Existe, además, una interrogante especialmente delicada. Los autores del ataque utilizaron vestimenta con apariencia policial. Las declaraciones recogidas por la Policía hablan específicamente de uniformes y chalecos policiales de Grecco. Pero el expediente todavía no responde cómo llegaron esas prendas hasta quienes ejecutaron el secuestro. ¿Eran auténticas?, ¿eran imitaciones?, ¿habían sido robadas?, ¿fueron compradas?, ¿quién las proporcionó?
Determinarlo resulta fundamental. La sola mención de uniformes policiales no permite sostener que agentes de la PNP hayan participado en el secuestro. Cualquier eventual responsabilidad de funcionarios públicos tendría que estar respaldada por evidencia específica.
Ante la gravedad y complejidad del caso, la Fiscalía dispuso que Frank Junior Quezada Cruz, Julio Zavaleta Quezada, Ángel Fabricio Bocanegra Linares y César Iván García Rivera permanezcan detenidos preliminarmente por 15 días. El Ministerio Público calificó inicialmente los hechos dentro de una investigación por organización criminal y otros graves delitos.

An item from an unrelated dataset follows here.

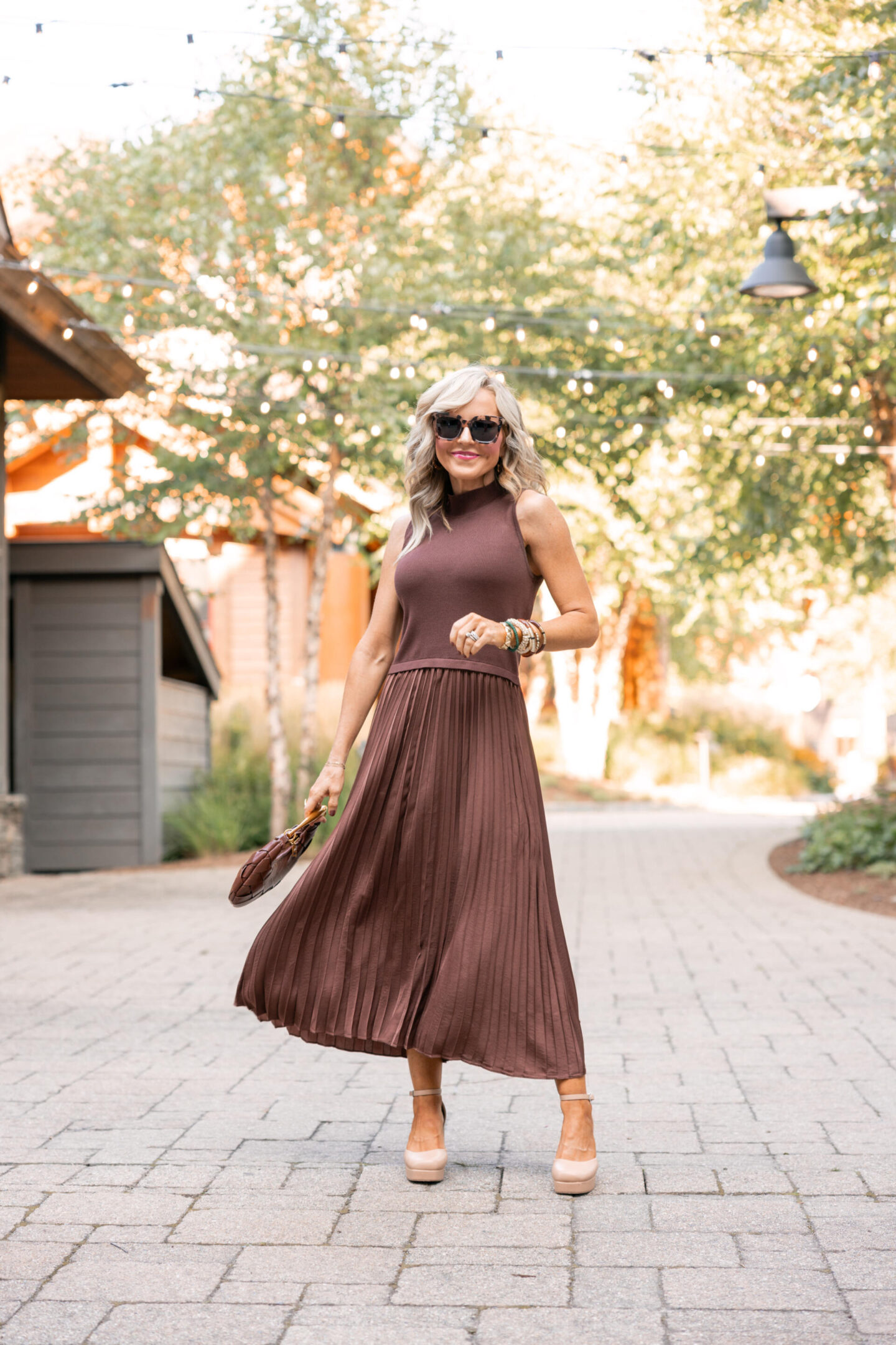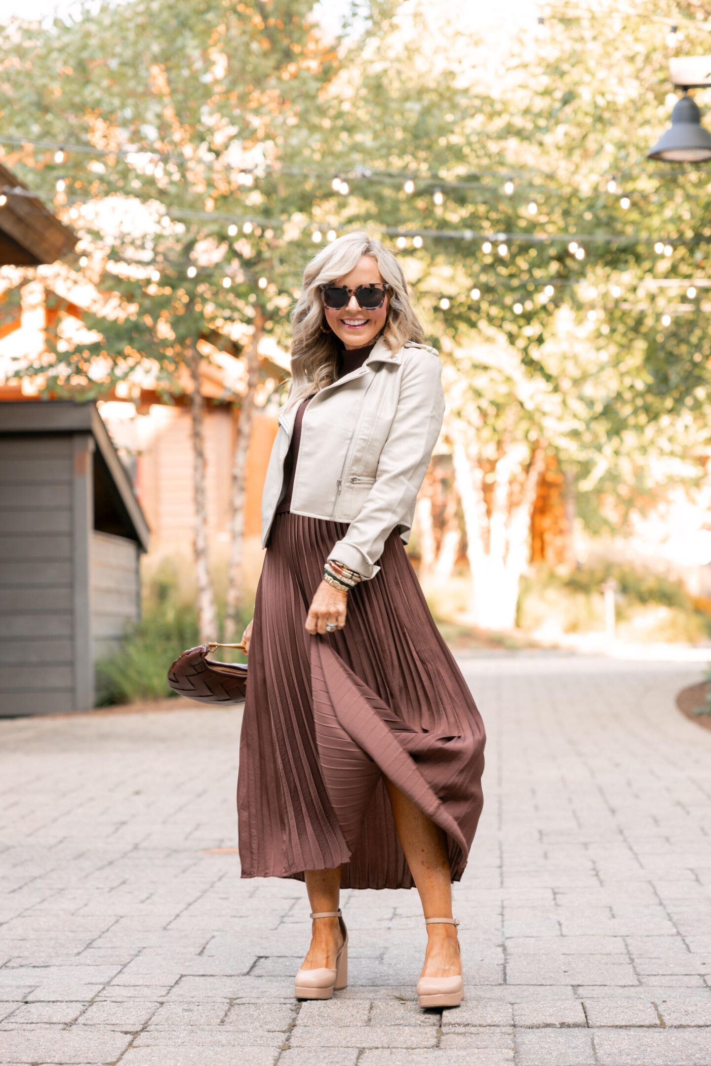 Moving along to a midi that’ll stop them dead in their tracks is the all new Wyatt Dress [wearing XS/runs TTS]! I first shared the olive green colorway in my Fall 2024 Avara Collection, but this darker shade is ideal for incorporating cocoa + chocolate into your attire and getting you set for a full season of statement style. Not only does it come in XS to XXXL, but it’s great for layering up your look with the all new faux leather Carley Jacket, too.

Además de celulares y cámaras, ordenó exámenes médico-legales y toxicológicos, consultas ante distintas instituciones, información de Osiptel, diligencias ante Sucamec, pericias balísticas y análisis de huellas. También dispuso recibir nuevamente las declaraciones de los detenidos al término de las diligencias. Ese último punto es importante. Lo declarado durante la intervención policial constituye apenas una parte de un proceso mucho más amplio.
La documentación fiscal permite reconstruir cómo, en cuestión de horas, un dato entregado por un ciudadano condujo a un inmueble, aquella intervención llevó a un primer detenido y sus declaraciones fueron llevando sucesivamente hacia otros jóvenes. Pero también permite establecer con precisión qué sabemos y qué todavía no. Frank Junior Quezada y Julio Zavaleta sí aparecen en la disposición proporcionando voluntariamente versiones que los vinculan con el conocimiento o participación en los hechos y que atribuyen roles a otras personas.
César García aparece pronunciando espontáneamente “ya perdí”, pero el documento no recoge en el apartado revisado una confesión posterior en la que admita conducir la Hilux. Ángel Bocanegra es intervenido con dos cartuchos y es señalado por otros investigados como presunto ejecutor, pero tampoco aparece en esta disposición confesando esa función. Esa distinción resulta fundamental. Porque después de las primeras declaraciones comienza la parte más difícil de cualquier investigación criminal: demostrar lo dicho.
La Fiscalía tendrá que determinar si los celulares ubican a los investigados donde ellos mismos o terceros dicen que estuvieron; si las cámaras muestran la camioneta y a sus ocupantes; si las municiones tienen alguna relación con el ataque; si existió la casa de cautiverio señalada; quién es “Ares”; quién consiguió los uniformes; quién proporcionó las armas y, finalmente, quién dio la orden. La primera versión de la trama ya está escrita en el expediente. Ahora falta establecer cuánto de esa historia puede ser probado.